Bahoo Boray!

ABC ran the animated version of How the Grinch Stole Christmas this evening. It was a half-hour special when it first aired in 1966 but nowadays, there are more commercials in a network show so they have a choice: Chop it down or pad it out. They chose to pad the show out to an hour by inserting filler aplenty, including a little documentary on the making of the special.

The documentary was produced in 1994 and its makers were able to interview several folks who worked on the show and have since passed away — director Chuck Jones, composer Albert Hague and voice actor Thurl Ravenscroft. It was also hosted by someone else who's no longer with us…Phil Hartman. In fact, he's not even in the documentary anymore. A few years ago, Warner Brothers redid his sequences and narration, replacing Phil with Tom Bergeron. I suppose we should be grateful they didn't replace Chuck, Albert and Thurl while they were at it.

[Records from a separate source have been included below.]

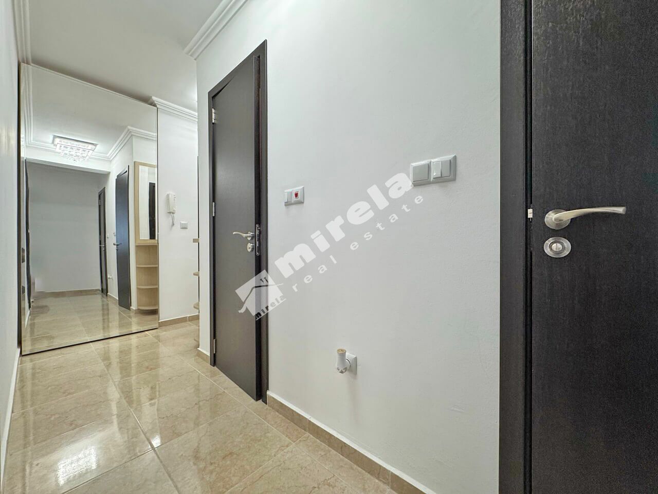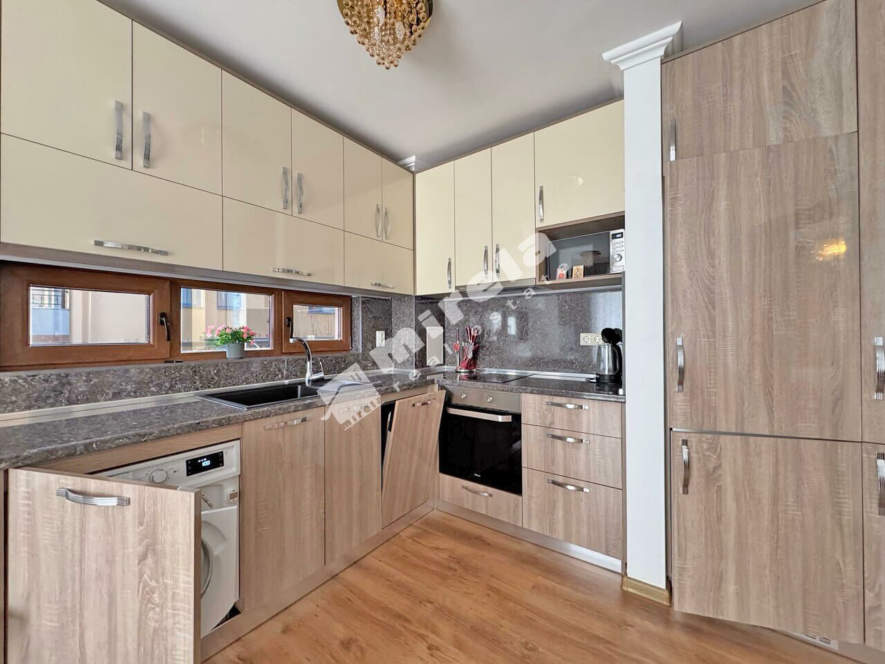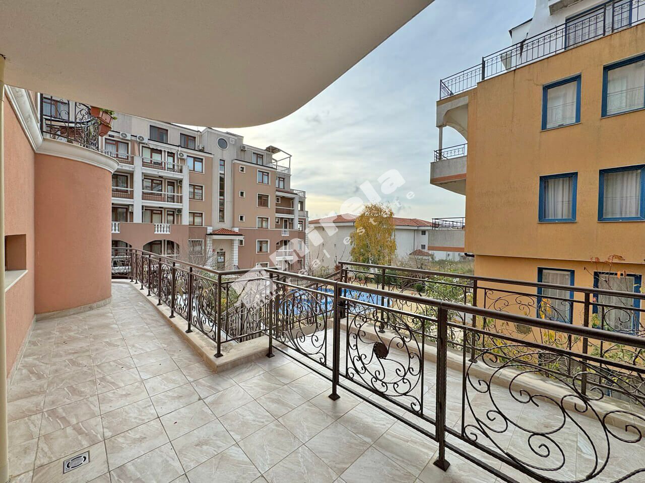 Апартаментът е разположен на втори жилищен етаж над партер с площ от 100 кв.м., и е със следното разпределение: коридор; просторна всекидневна; две спални; баня със санитарен възел; отделен санитарен възел; и голяма тераса с директен достъп до басейна. Имотът е напълно обзаведен и оборудван, както за лично ползване така и за отдаване под наем.
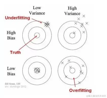 我们可以改变模型,这样我们就可以尽可能地增加落入圆中心的模型猜测的数量。需要在偏差值和方差值之间取得平衡。如果我们的模型过于简单,参数很少,那么它可能有高偏差和低方差。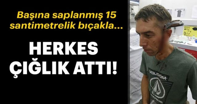 Ancak 34 yaşındaki Shaun Wayne'i görenler küçük dilini yuttu. Wayne'in kafatasına saplanmış 15 santimetrelik bir bıçak vardı.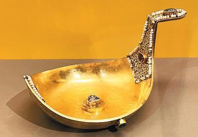船形杯是古代俄罗斯最具特色的容器之一。在宴会上,船形杯被用来盛放最受欢迎的俄罗斯饮料——蜂蜜或蜂蜜酒。展览中有一件1624年的船形杯,由黄金打造,重约1公斤,镶嵌着珍珠和宝石,光彩夺目。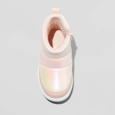 Make sure your little one moves through cool-weather outings in comfy style with these Archie Puffer Boots from Cat & Jack™. The puffer boots feature a round-toe design with fleece lining and a cushioned footbed to provide their feet all-day warm and cozy comfort. Designed with a side zipper for easy on and off, these medium-width boots make a great pairing with a variety of their fave outfits.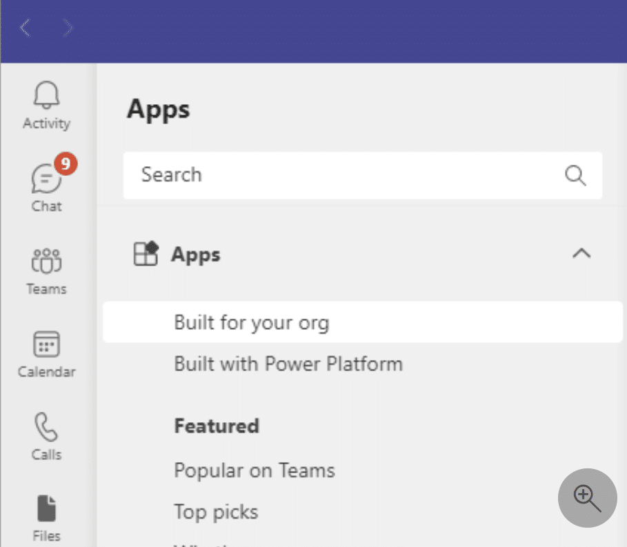 Sobald ein Administrator die Verwendung benutzerdefinierter Apps genehmigt hat, können Benutzer diese im Teams Store unter „Für Ihre Organisation erstellt“ im linken Navigationsbereich finden. Weitere Informationen finden Sie unter Verstehen und Verwalten von benutzerdefinierten Apps.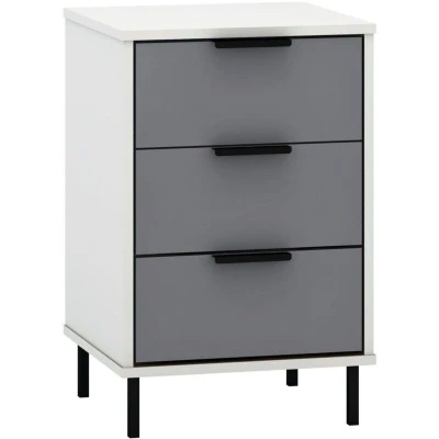 General description The Madrid 3 Drawer Bedside is a stylish and functional addition to any bedroom. With its modern grey and white gloss finish, it offers ample storage space while enhancing your decor. Technical specifications Dimensions: L38 x W40 x H62 cm Weight: 12 kg Frame material: Composite board Paint effect: Yes Veneer: Plastic Back panel: MDF Drawer base: MDF Handles: Metal Drawer runners: Metal Feet: Metal Anti-tip strap: Included
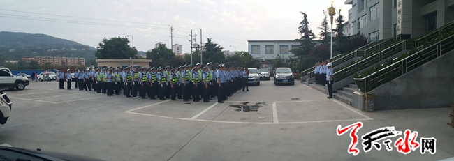 天天天水网18日20时讯【记者 常亮】6月18晚八时,天水市秦州公安分局举行节前清查统一行动。
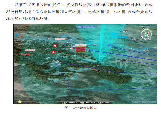 通过全要素战场环境合成、自然环境可视化输出、战情战况可视化、目标特性可视化、电磁环境及效应可视化、参数控件可视化等技术手段为现代战争全面、准确地战场态势信息。战场态势的三维显示,有利于作战人员认识、分析、理解战场信息,现已成为军事信息系统的重要组成部分,是作战回路的重要一环,对取得信息优势具有重大作用。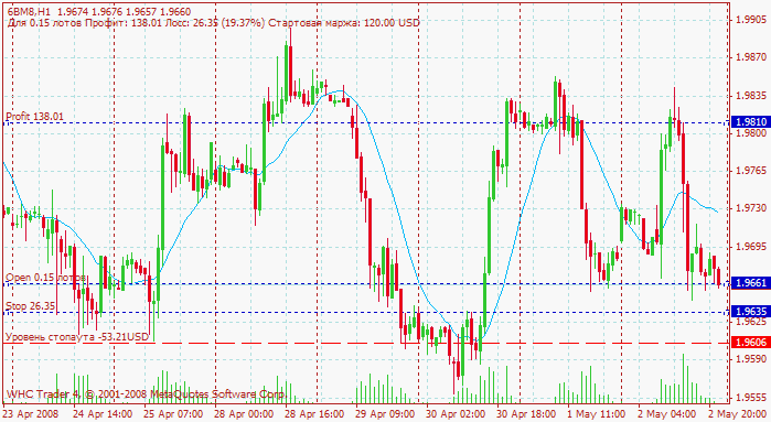 The indicator is designed to calculate the orders . He will automatically display in the upper left corner of the chart size in dollars of profit for profit, the amount of loss for loss and this margin to put up the number of lots and draw a line on the graph above which will stop out .
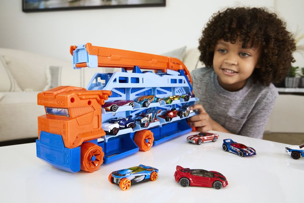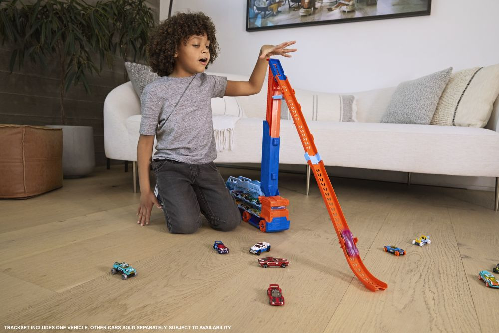 Hot Wheels™ Ciężarówka z wysokim torem łączy świetnie wyglądającą ciężarówkę Hot Wheels® z niesamowitym dwumetrowym pionowym torem wyścigowym, który można połączyć z innymi zestawami (sprzedawane oddzielnie). W trybie transportowym duży ciągnik może pomieścić ponad 20 resoraków w skali 1:64. Częścią zestawu jest jeden samochodzik Hot Wheels®.

Even though I have the animated special on DVD, I got hooked watching a little of it on ABC. It still works. Some of Jones's later animated work smacks too much of his own stylistic quirks. He was an overpowering director and when he handled someone else's characters — the Jones-directed Tom & Jerry cartoons, for instance, or his Pogo special with Walt Kelly — everyone came off looking like Wile E. Coyote and twitching their noses. But on Grinch, perhaps because he had Dr. Seuss hovering about or because the Good Doctor's style melded well with the Jones look, there was a unity of style and purpose. The additional story points, which came mostly from a brilliantly mad animation writer named Bob Ogle and an artist named Irv Spector, expanded the Seuss story without wrecking it. It's probably my third-favorite Christmas special, following A Charlie Brown Christmas and Mr. Magoo's Christmas Carol.